The Worship Quote of the Week for (08/09/2005):

Worship and Marketing—Ouch!
We live a world that is drunk on the idea of “making a good impression” in the eyes of the world. How does this intoxication affect the gatherings of the local Christian church? Today’s WORSHIP QUOTE is a much-needed rebuke from Donald Miller’s book SEARCHING FOR GOD KNOWS WHAT.

A friend told me recently he volunteered at a church only a mile from my house. This is a large church with a successful television ministry. He said his job was to usher people to their seats, and that after he had been on the job for a while, he was asked to put some of the more “pleasant-looking people” on the front rows as these people were more likely to be caught in the picture when the camera pulled out on the audience, or when the preacher walked down from the stage to make a point.

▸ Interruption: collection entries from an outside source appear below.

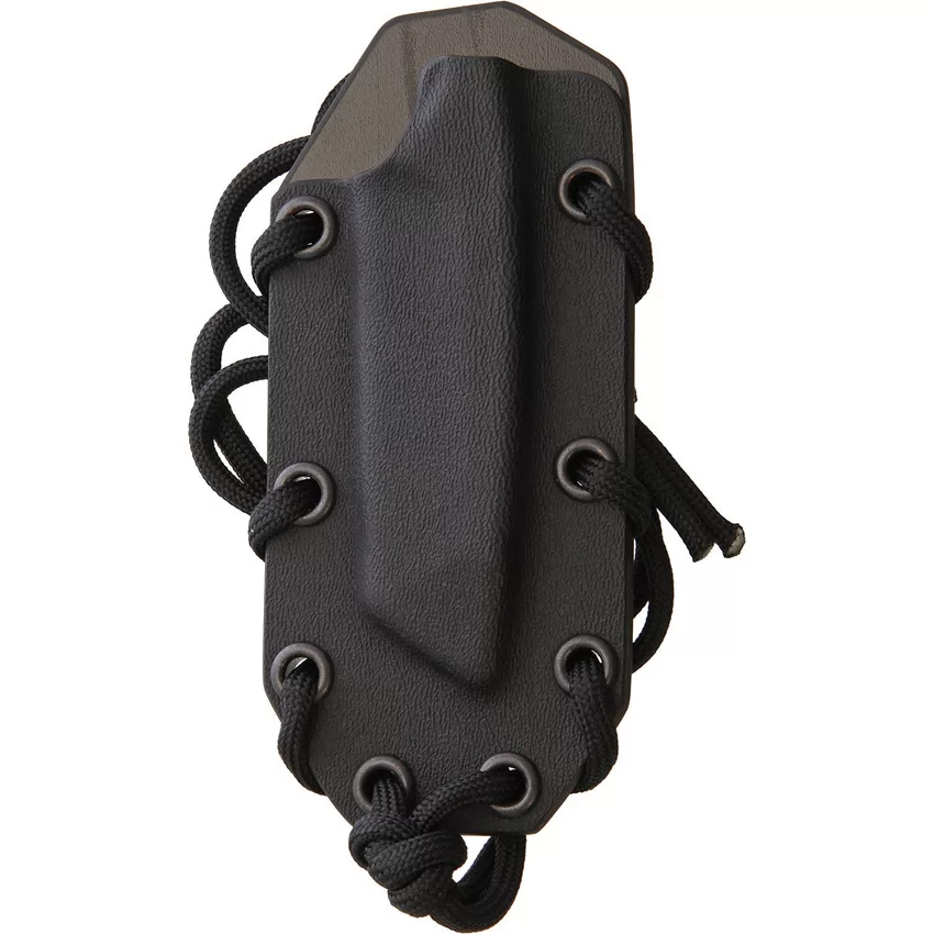 6.75" overall. 2.75" tanto blade. Finger ring. Glass breaker. One piece black MIL-C-13924 burnished Bohler N690 stainless construction. Black Kydex neck sheath. Boxed.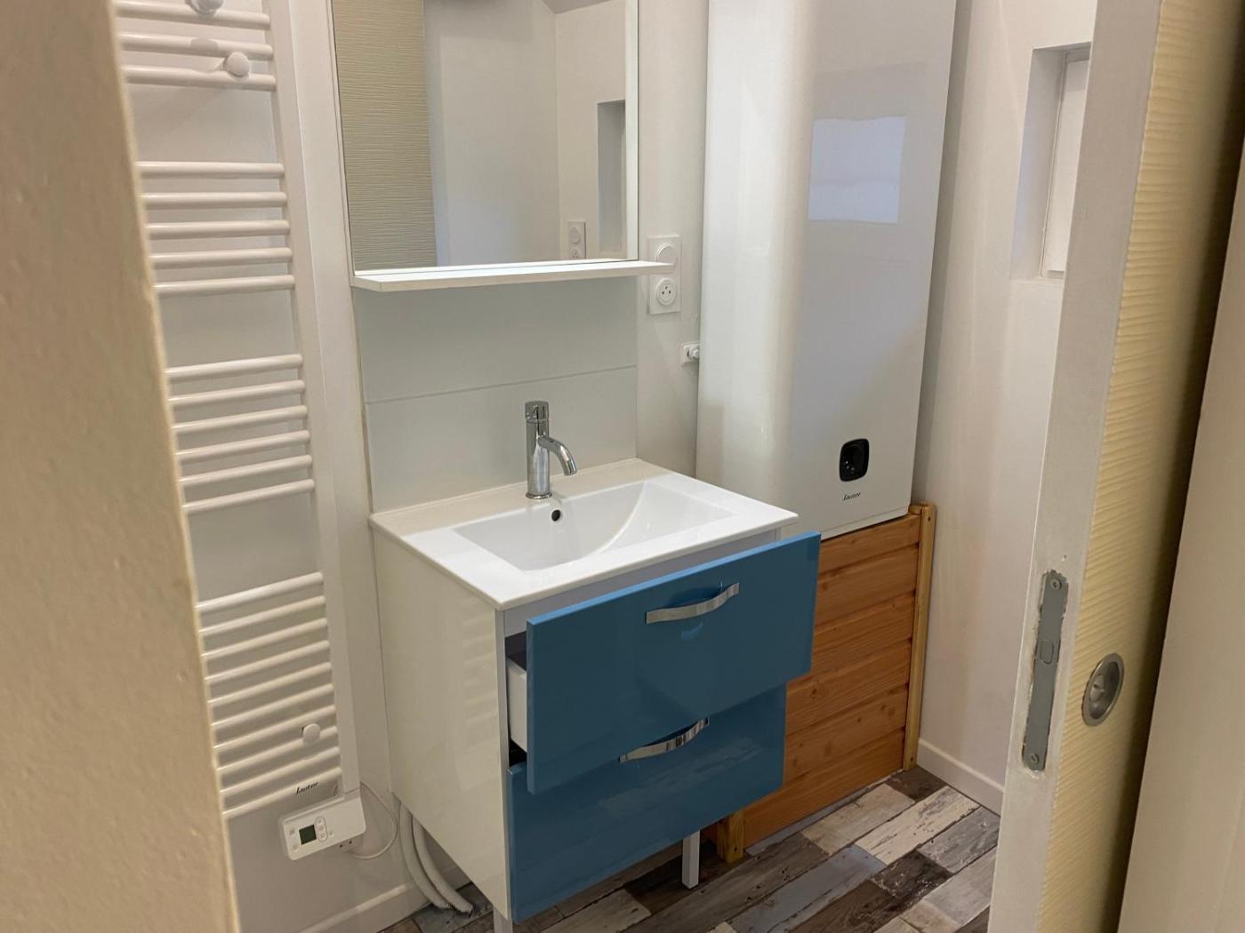Maison 1 Chambre. The holiday homes kitchen, which has a stovetop and a microwave, is available for cooking and storing food. This holiday home features heating, a flat-screen TV and garden views. The unit has 2 beds.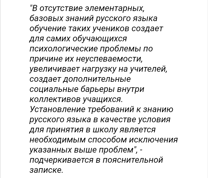 Во-вторых, этот законопроект игнорирует тот факт, что многие родители мигрантов не владеют русским языком достаточно хорошо, чтобы самим помочь своим детям адаптироваться к школьной программе.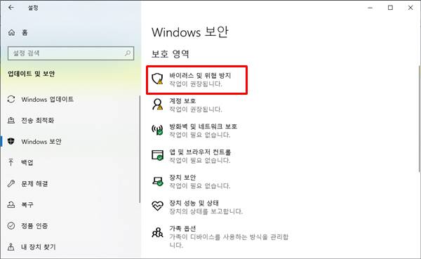 ③ 창이 열리면 ‘Windows 보안’을 클릭한 후, 우측 ‘바이러스 및 위협 방지’를 클릭합니다.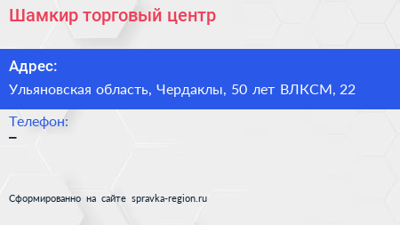 Шамкир, торговый центр по адресу Ульяновская область, Чердаклы, 50 лет ВЛКСМ, 22 в дальнейшем Организация, размещена в следующих категориях: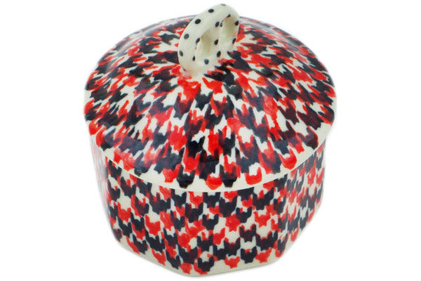 This Bold Houndstooth 3" Mini Pretzel Jar 3" was handmade and hand decorated in Boleslawiec, Poland by skilled artisans according to old traditional methods. This Polish stoneware is microwave, dishwasher, freezer, and oven safe up to 480°F. It does not contain lead or cadmium. It is part of the Bold Houndstooth Collection.
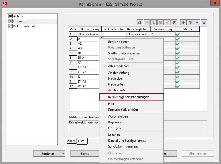 Im Dialog Kennzeichen (Projektdaten > Strukturkennzeichen-Verwaltung) steht im Eplan Projekt der Kontextmenüpunkt In Suchergebnisliste einfügen zur Verfügung. Dieser überprüft die Verwendung der markierten Strukturkennzeichen und trägt die gefundenen Objekte automatisch in die Suchergebnisliste ein.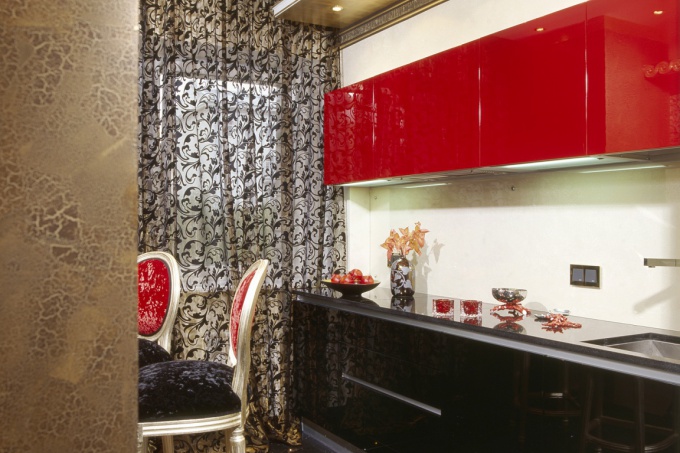 Интерьер квартиры заказчики первоначально видели в стиле минимализм, однако в процессе они решили ввести приметы ар-деко и Востока. Поэтому к заранее определенной черно-красной цветовой гамме архитекторы предложили добавить золотые акценты. Они помогли расставить верные акценты и создать торжественную атмосферу.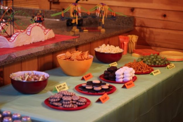 Fortunately for us, we already had a large collection of K’nex structures on hand. All I had to do was come up with a cake to accent their work, along with some clever party food labels (because party food labels remain a favorite birthday request amongst our children). So… what goes with a K’nex Roller Coaster?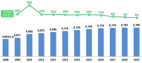 2019년말 우리나라 주민등록 인구는 5184만 9861명으로, 2018년말 5182만 6059명에 비해 2만 3802명이 늘었다.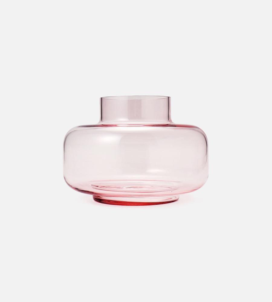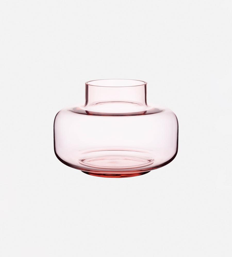 コロンとしたフォルムの手吹きガラスのフラワーベース。透明のガラスにうっすらと色のついた美しいカラー。ボトムが大きく、低く丸みのある特徴的でモダンなシルエットも魅力。花を生けるのにはもちろん、キャンドルフォルダーとしても使える優れもの。インテリアスタイリングのアクセントにぴったりなアイテムです。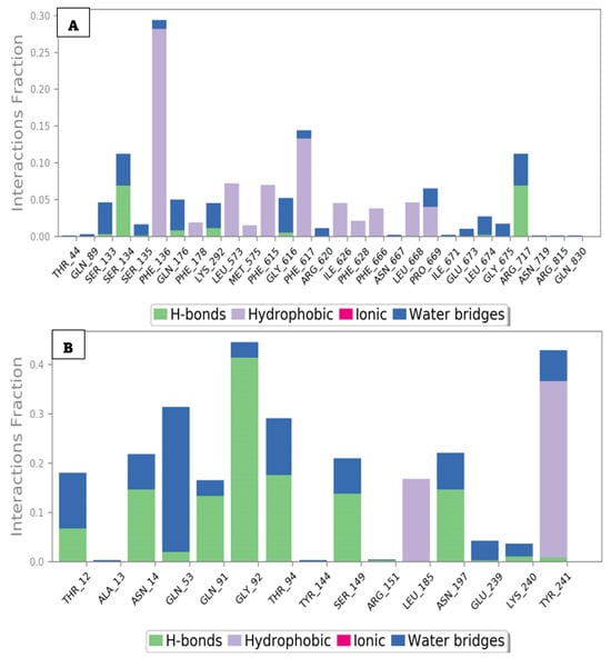 Histogram analysis describing the binding interactions of Compounds 24 (A) and 25 (B) with MDR efflux pump AcrAB and AcrD of Salmonella during the simulation time (100 ns).
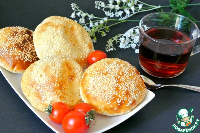 Сверху посыпать кунжутом. Выпекать лепешки в духовке, заранее разогретой до 220 градусов, минут 10 до румяности.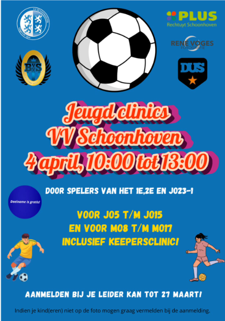 Ben je JO5 t/m JO15 of MO8 t/m MO 17? Doe dan mee aan de Jeugdclinics van VV Schoonhoven. Inclusief keepersclinic. Houd jij iedere bal tegen?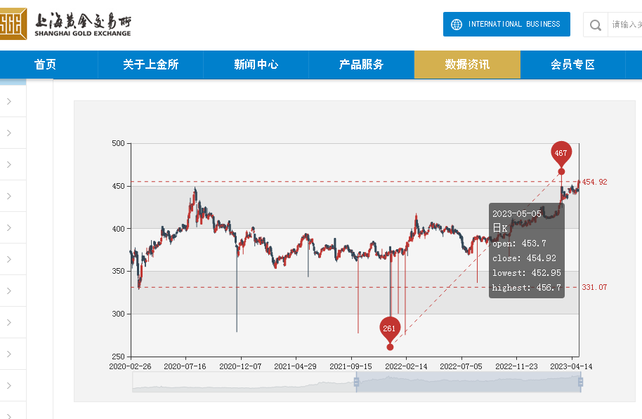 2020年8月7日,黃金Au99.99期貨收盤價(jià)達(dá)446元/克,創(chuàng)歷史新高,之后一直在350元/克至410元/克之間運(yùn)行。2023年3月黃金價(jià)格持續(xù)上漲,上海黃金交易所交易數(shù)據(jù)顯示,5月8日Au99.99黃金收盤價(jià)已達(dá)453元/克,刷新歷史記錄。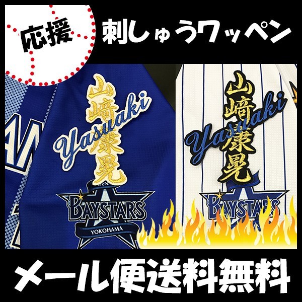 【【メール便送料無料】納期注意【横浜DeNAベイスターズ 刺繍ワッペン 山崎 ネーム】山崎康晃 /応援歌/ユニフォーム/優勝/プロ野球/刺繍/刺しゅう/ワッペン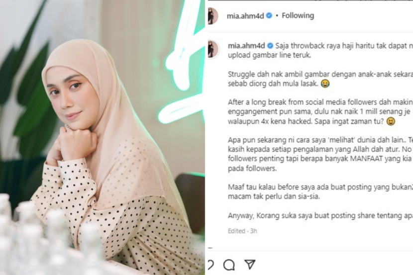EKORAN memilih untuk berehat daripada menggunakan media sosial, pengikut Instagram pelakon dan usahawan Mia Ahmad menunjukkan penurunan. Mia atau Samiha Ahmad Baderi, 34, berkata, perkara itu berlaku selepas sebulan dirinya tidak aktif dan situasi berkenaan berbeza dibandingkan sewaktu namanya menjadi sebutan menerusi drama Hati Perempuan di TV3 pada 2015. "Selepas sekian lama berehat daripada media sosial, pengikut sudah semakin kurang, jalinan hubungan (engagement) pun sama. "Dahulu untuk mendapatkan satu juta senang saja walaupun empat kali (akaun) digodam. Siapa ingat zaman itu?," katanya. Mia meluahkan pandanganya di Instagram. Bagaimanapun kata Mia, semua itu bukan lagi perkara utama sebaliknya memberitahu pengalaman hidup banyak mengajarnya untuk lebih selektif tentang perkongsian kandungan bermanfaat kepada pengikutnya. "Apa pun sekarang, ini cara saya melihat dunia sudah lain. Terima kasih kepada setiap pengalaman yang Allah aturkan. ARTIKEL BERKAITAN: Akibat biar tengok YouTube tanpa limit, anak sulung Mia Ahmad hadapi masalah 'speech delay' - “Saya menyesal, baru tahu dah buat silap” ARTIKEL BERKAITAN: Anak Mia Ahmad tunjuk perkembangan positif, masalah ‘speech delay’ makin pulih - “Banyakkan sedekah dengan niat untuk tolak mudarat” "Jumlah pengikut penting, tetapi berapa banyak manfaat yang kita berikan kepada mereka? Maaf kalau sebelum ini saya ada memuat naik kandungan yang bukan-bukan dan sia-sia," ujarnya. Mia bersama suami, Mohd Izham Tarmizi dan dua anak mereka, Issa dan Iris. Menjelaskan mengenai kehilangannya, Mia berkata selain memberi fokus kepada keluarga, dia juga berehat ekoran dimasukkan ke hospital akibat demam denggi. "Hari itu masuk hospital sebab denggi. Kasihan suami jaga dua anak kecil di rumah. Apa pun sekarang ini, cara saya melihat dunia sudah berbeza. MIA AHMAD PELAKON & USAHAWAN "Bila datangnya sakit, kita lebih menghargai antara satu sama lain. Itulah namanya kemanisan dalam setiap ujian," jelasnya. Di zaman kemuncaknya, Mia pernah popular menerusi drama Hati Perempuan yang mendapat sambutan hangat penonton selain beberapa projek lain seperti Superbike The Movie, Jibam, Siapa tu?, Ms. Boss Miss Stalker, Jejak Kamila dan Sara Kirana. Mia mendirikan rumah tangga dengan pemain bola sepak Johor Darul Takzim (JDT), Mohd Izham Tarmizi pada 2017 dan pasangan itu dikurniakan dua cahaya mata, Sayf Issa, 4 dan Iris, 2 tahun. Dapatkan info dengan mudah dan pantas! Join grup Telegram mStar DI SINI

I assure you, I am not making this up.

And please don’t misunderstand me. There are very few churches like this, but as a Christian community, if Paul or Peter or whoever were to write a letter to us, I think this business of showing favoritism and being obsessed with the way we market our faith might come up.

The second chapter of the book of James tells us, specifically, not to take a wealthy person and seat him in a place of honor and leave a poor person in the back. I take this to mean that in church, the rules of the lifeboat [see below] don’t apply, that church is a refuge, where the kingdom of God is emulated, not mocked.

— Donald Miller, SEARCHING FOR GOD KNOWS WHAT. Nashville: Nelson Books, 2004, p. 211. ISBN: 0-7852-6371-3.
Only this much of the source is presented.